EL ESLABÓN PERDIDO

 


EL ESLABÓN PERDIDO

Por: Ricardo Gil Otaiza


  Cuando ahorró casi diez años de trabajo, tomó la firme decisión de cambiar de domicilio; la ciudad le resultaba demasiado hosca e inservible para su propósito: la búsqueda del eslabón perdido.  Estaba claro de sus limitaciones y de la escasez académica, ya que su formación sólo había alcanzado los estudios secundarios hechos de cualquier manera; sin embargo, su amplia experiencia en el campo de la construcción —aunado a su eterno vicio por la lectura—  le permitía conocer con bastante exactitud cómo llevar a cabo profundas y productivas excavaciones para el encuentro con  lo desconocido. 

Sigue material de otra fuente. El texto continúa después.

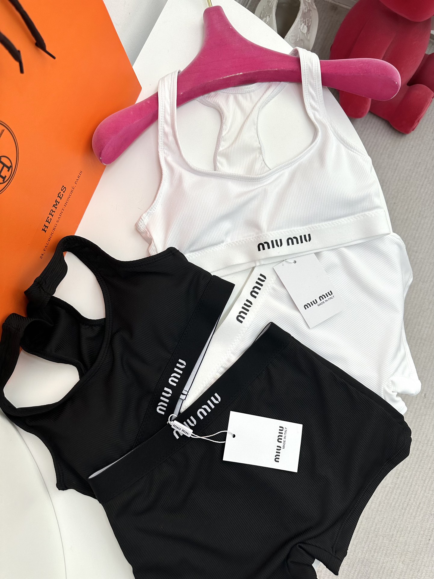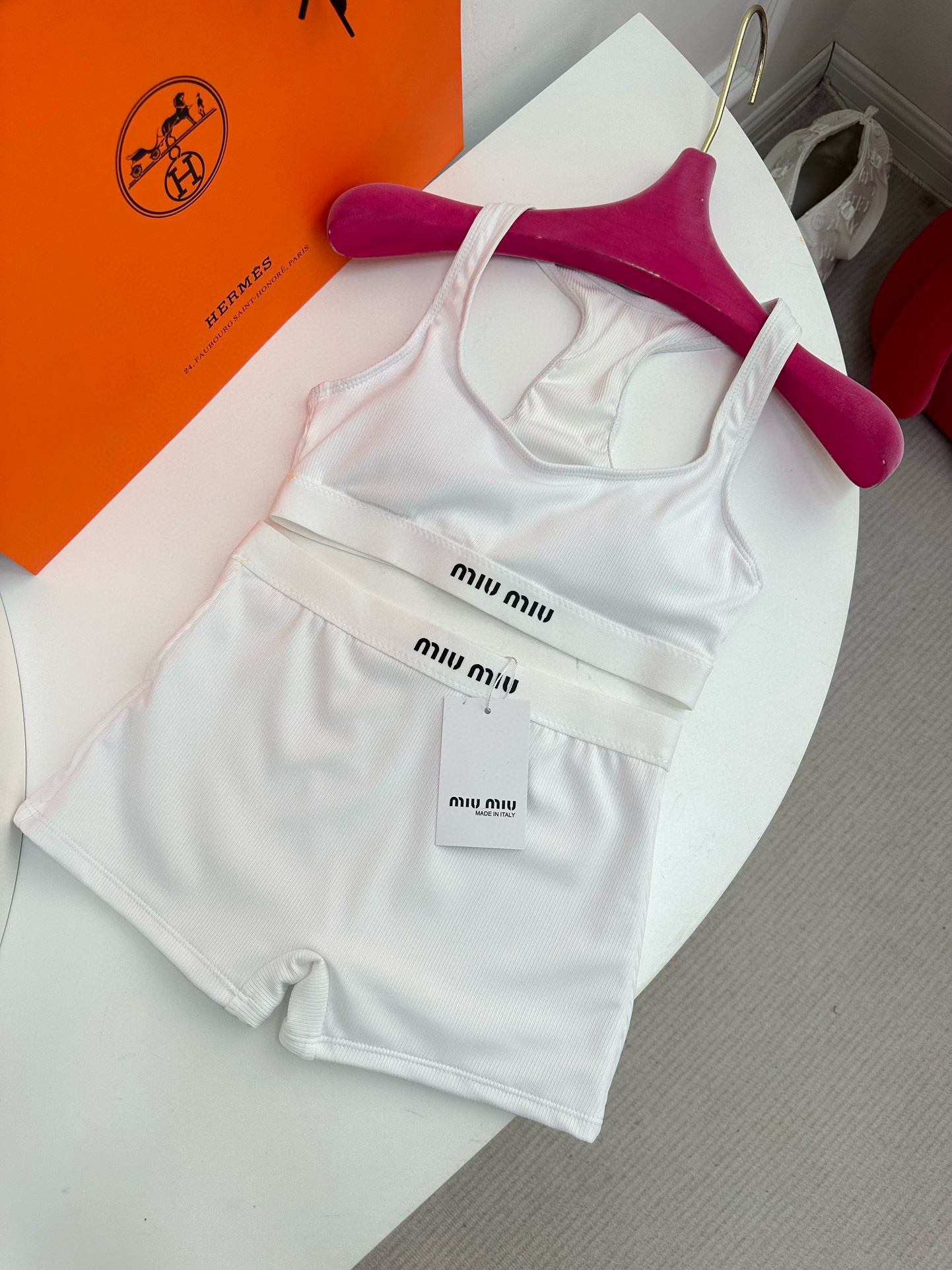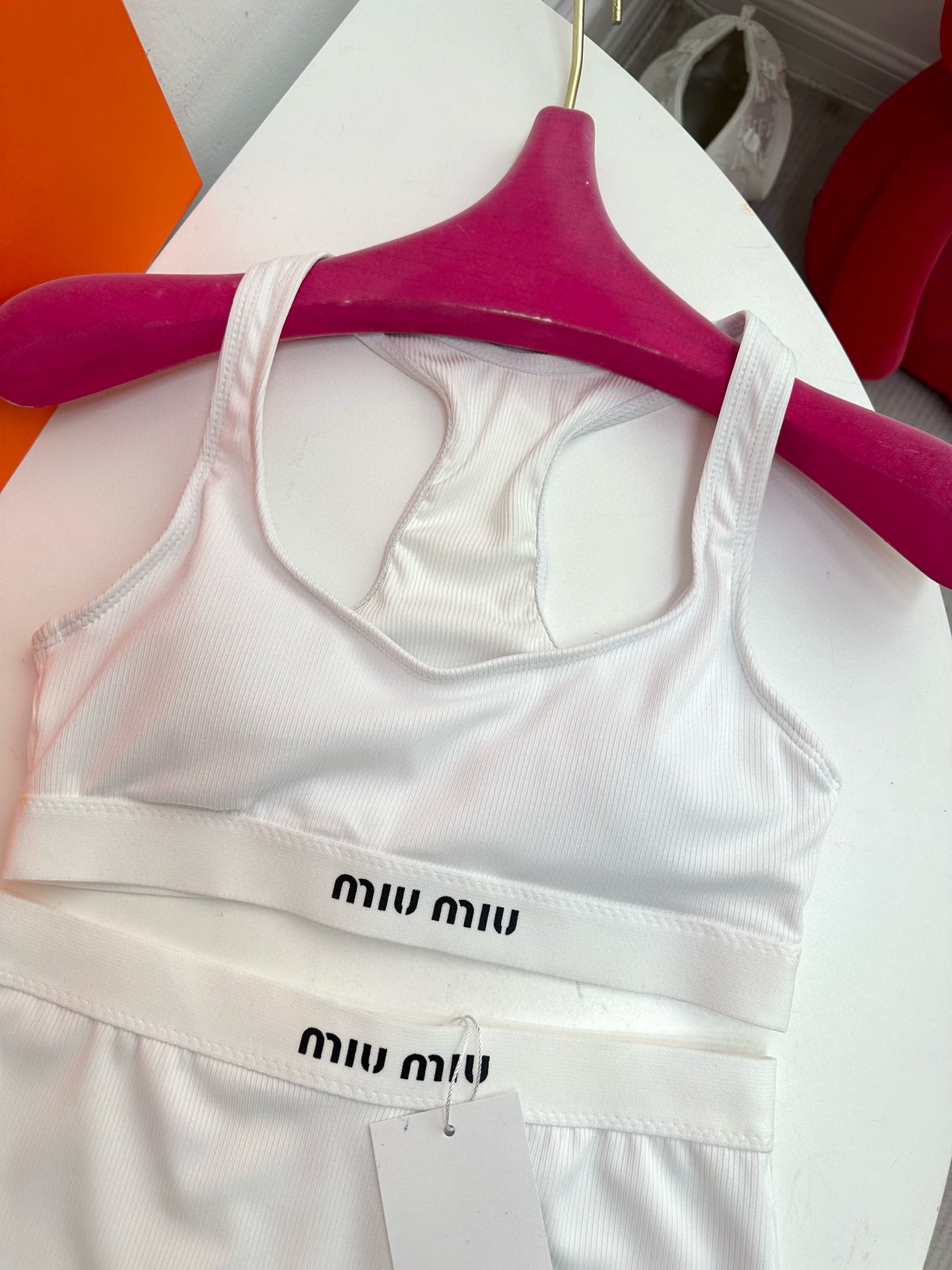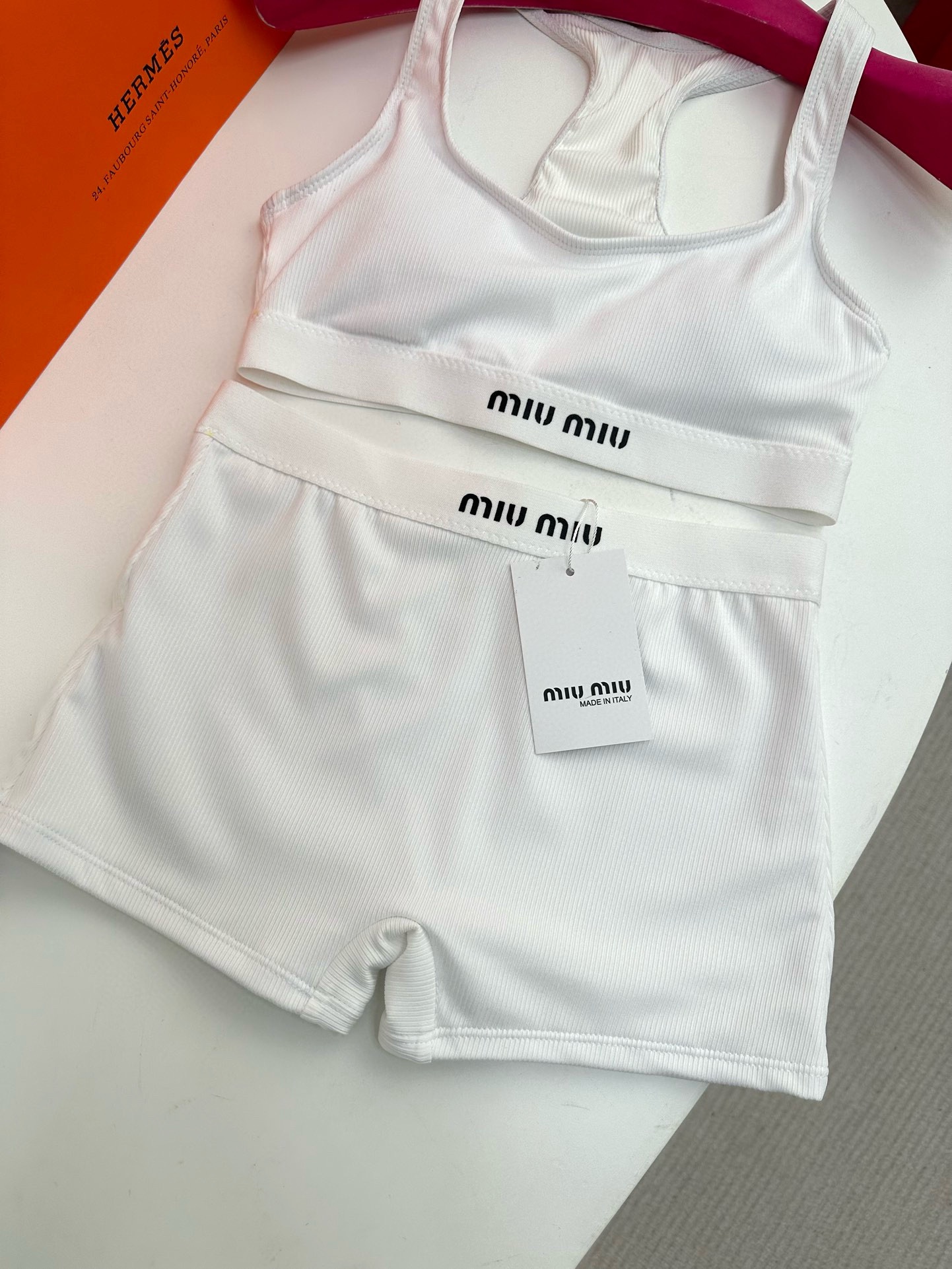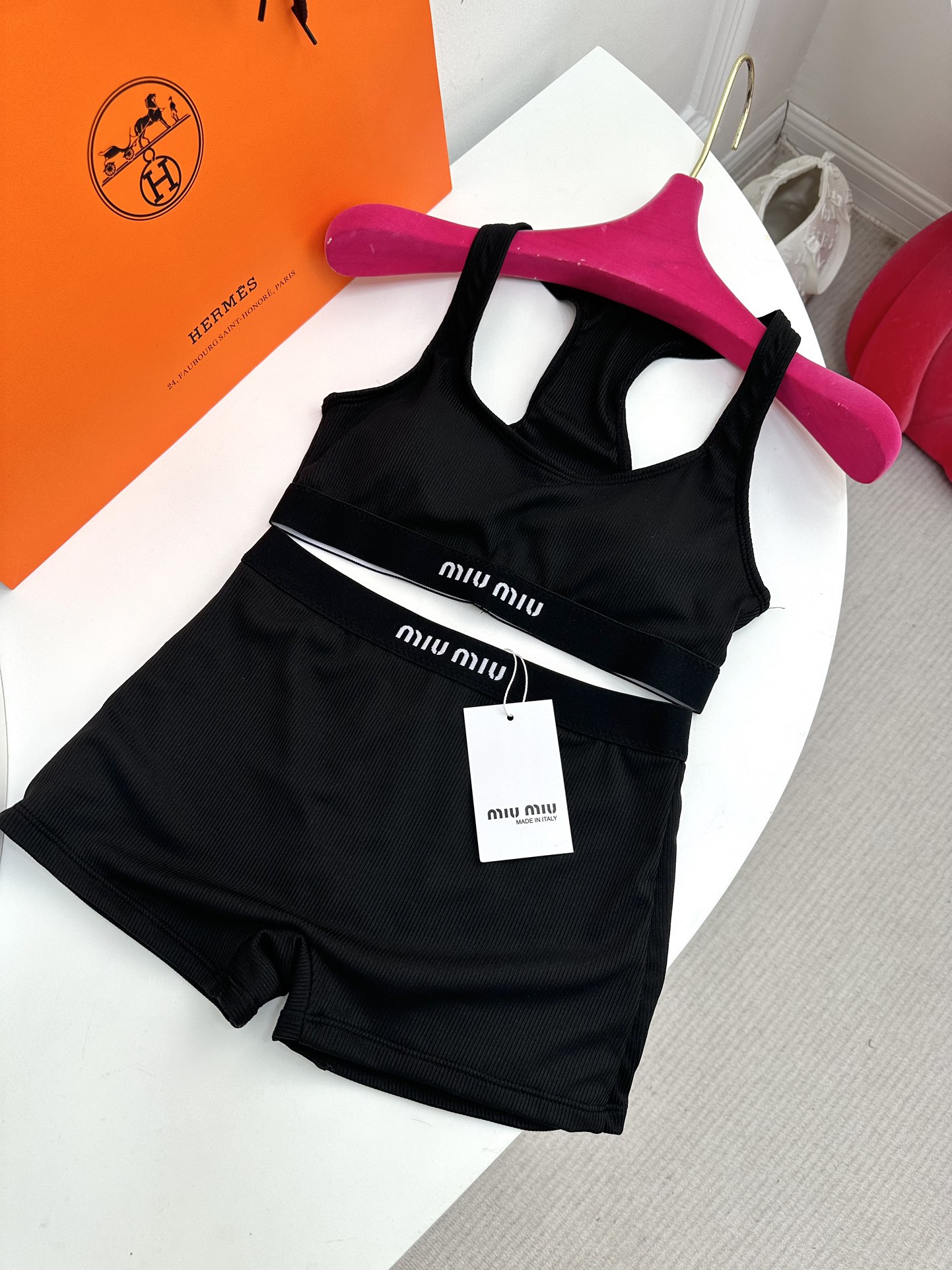 NIGO MiuMiu Women's Summer Solid Color Letter Logo Jacquard Sports Underwear Tight Shorts Set Suit #nigo72287

Recordaba con cierta nitidez aquella tarde calurosa cuando de un solo golpe —sobre una hornacina sellada por el tiempo— extrajo una hermosa pieza labrada sobre una piedra de singulares características, que mostró con alegría y orgullo a sus compañeros que le respondieron con gestos de envidia e indiferencia.  Desde aquel momento nació en él la inquietud por la arqueología: ciencia de la cual no conocía a ningún representante, pero  que estaba seguro llegaría a dominar.

Noche tras noche su voluntad se concentró en indagar más acerca de los descubrimientos arqueológicos, y de los modernos hallazgos que llevaron a muchos hombres a desvelar secretos celosamente guardados por los antepasados. Su vida cambió de súbito, perdió de manera paulatina a los viejos amigos con los que acostumbraba a celebrar después del trabajo;  hasta su novia se transformó en un extraño ser al cual recurría cada vez con menos frecuencia. 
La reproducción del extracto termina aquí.